→ WORK REQUEST: From the material below, please set down exactly the lines starting with the one with "Google Calendar ICS" and going on through the one with "26. Tianren Qin#, Wansen", without a single picture.

→ EXERCISE DATA:
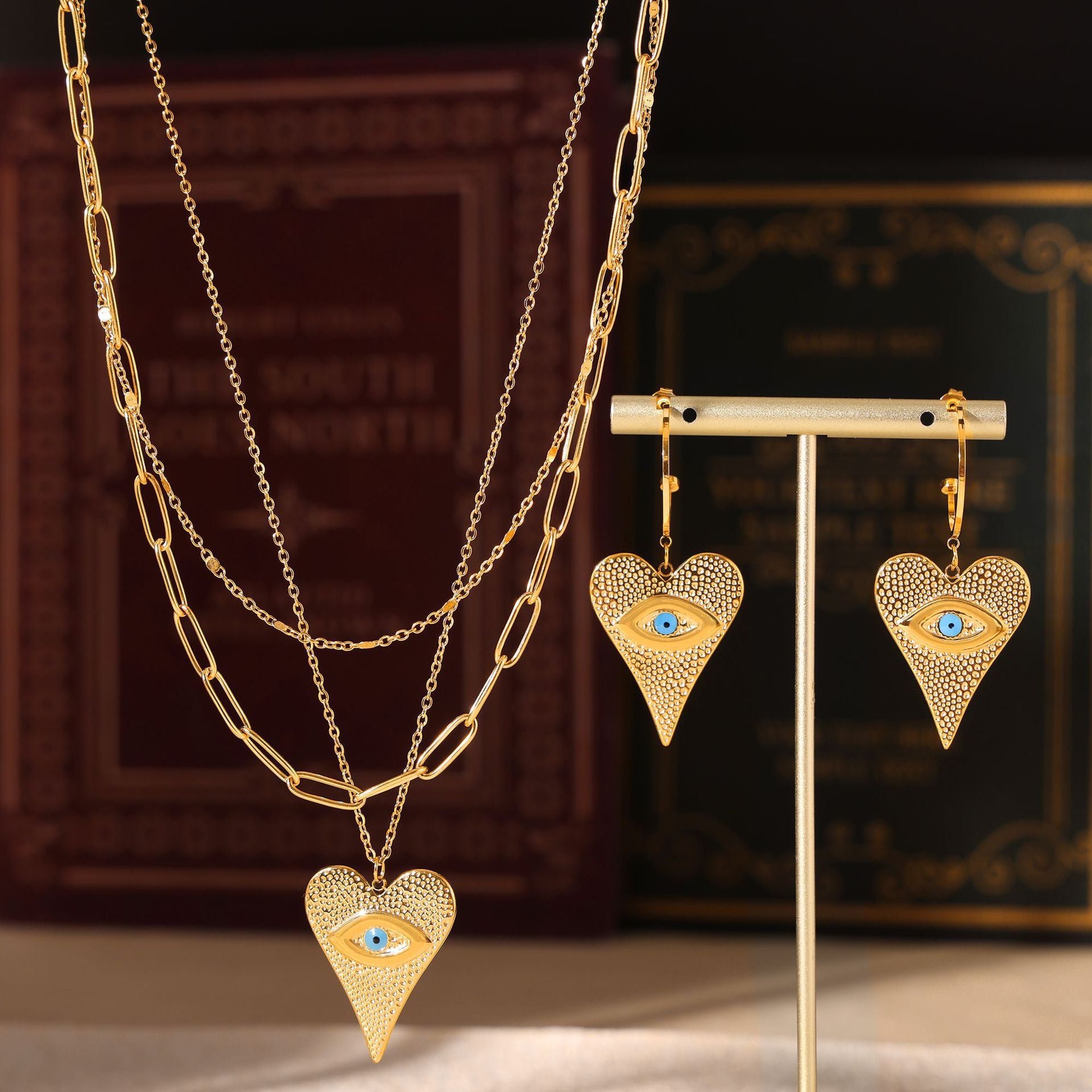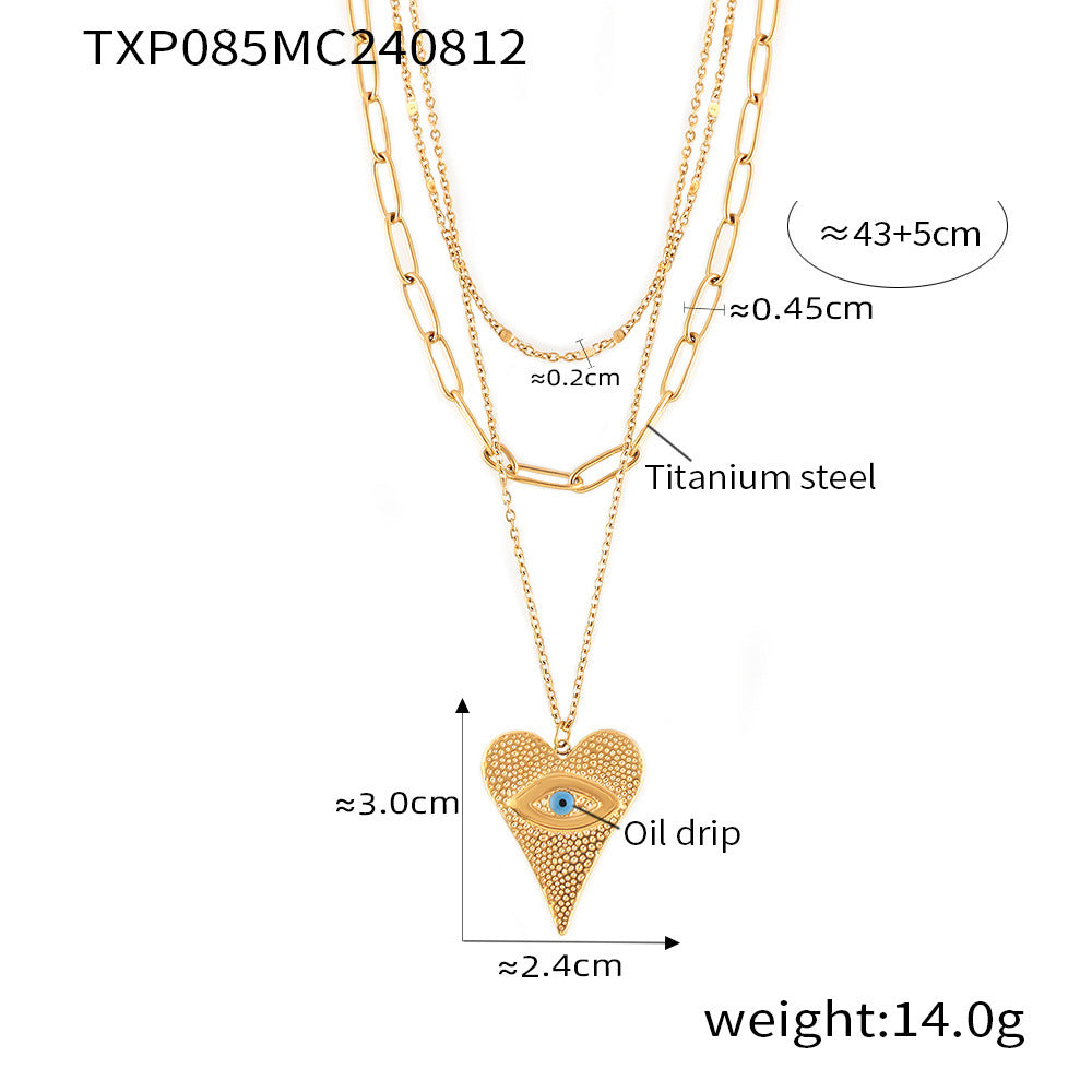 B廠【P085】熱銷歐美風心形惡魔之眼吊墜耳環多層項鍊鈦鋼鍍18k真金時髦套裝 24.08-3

---

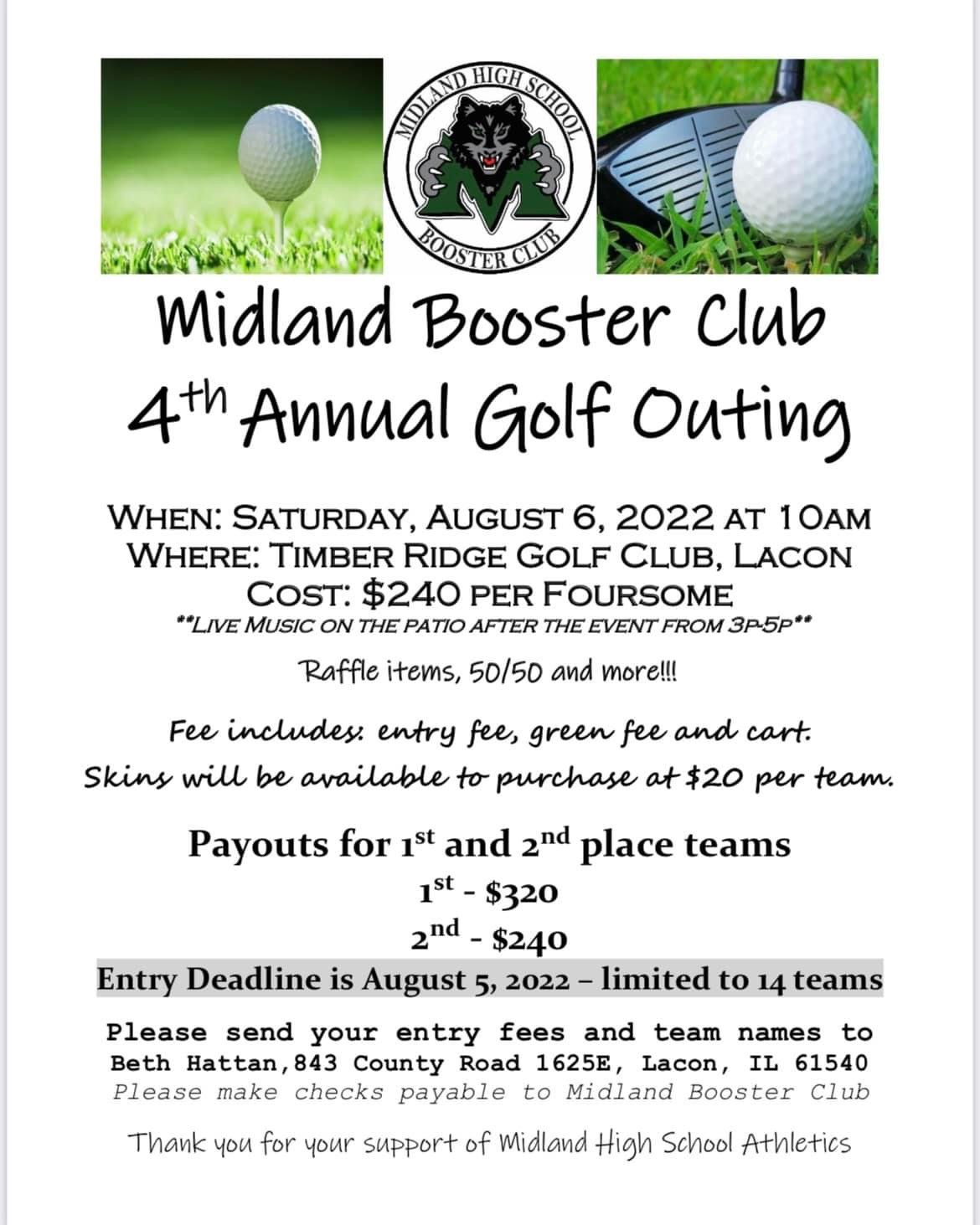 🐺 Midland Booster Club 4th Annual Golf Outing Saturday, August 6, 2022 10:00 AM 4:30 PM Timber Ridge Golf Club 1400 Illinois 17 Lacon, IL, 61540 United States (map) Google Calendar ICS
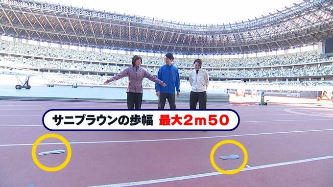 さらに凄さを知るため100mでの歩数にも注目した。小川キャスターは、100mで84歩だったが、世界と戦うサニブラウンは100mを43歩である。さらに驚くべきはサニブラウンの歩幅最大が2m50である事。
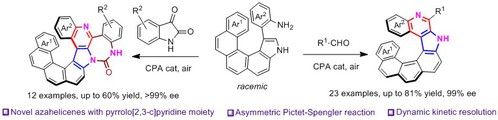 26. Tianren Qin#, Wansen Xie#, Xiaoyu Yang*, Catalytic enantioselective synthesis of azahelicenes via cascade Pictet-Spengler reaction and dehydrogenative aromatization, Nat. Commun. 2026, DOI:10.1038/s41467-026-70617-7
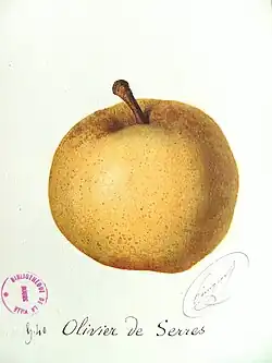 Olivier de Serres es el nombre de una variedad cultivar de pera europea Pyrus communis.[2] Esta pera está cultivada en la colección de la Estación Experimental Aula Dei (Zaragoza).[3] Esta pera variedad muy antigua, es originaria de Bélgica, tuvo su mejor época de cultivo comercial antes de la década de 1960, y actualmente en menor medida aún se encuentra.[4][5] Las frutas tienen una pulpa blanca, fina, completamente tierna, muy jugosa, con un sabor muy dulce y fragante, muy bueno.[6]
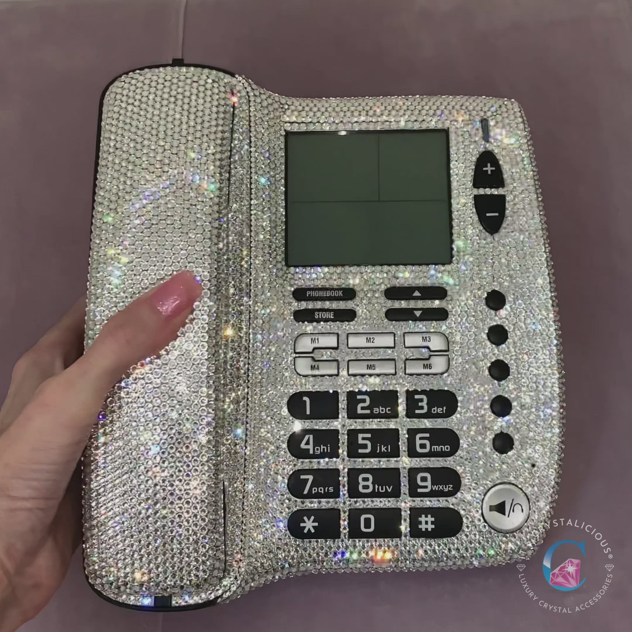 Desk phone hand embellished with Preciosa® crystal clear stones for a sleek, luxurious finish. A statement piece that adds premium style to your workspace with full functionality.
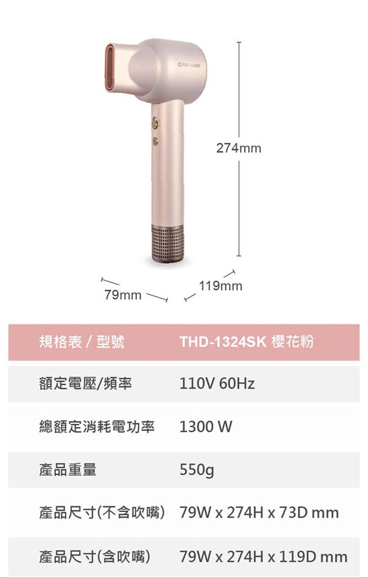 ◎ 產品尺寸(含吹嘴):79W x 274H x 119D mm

→ ANSWER AREA:
 🐺 Midland Booster Club 4th Annual Golf Outing Saturday, August 6, 2022 10:00 AM 4:30 PM Timber Ridge Golf Club 1400 Illinois 17 Lacon, IL, 61540 United States (map) Google Calendar ICS
 さらに凄さを知るため100mでの歩数にも注目した。小川キャスターは、100mで84歩だったが、世界と戦うサニブラウンは100mを43歩である。さらに驚くべきはサニブラウンの歩幅最大が2m50である事。
 26. Tianren Qin#, Wansen Xie#, Xiaoyu Yang*, Catalytic enantioselective synthesis of azahelicenes via cascade Pictet-Spengler reaction and dehydrogenative aromatization, Nat. Commun. 2026, DOI:10.1038/s41467-026-70617-7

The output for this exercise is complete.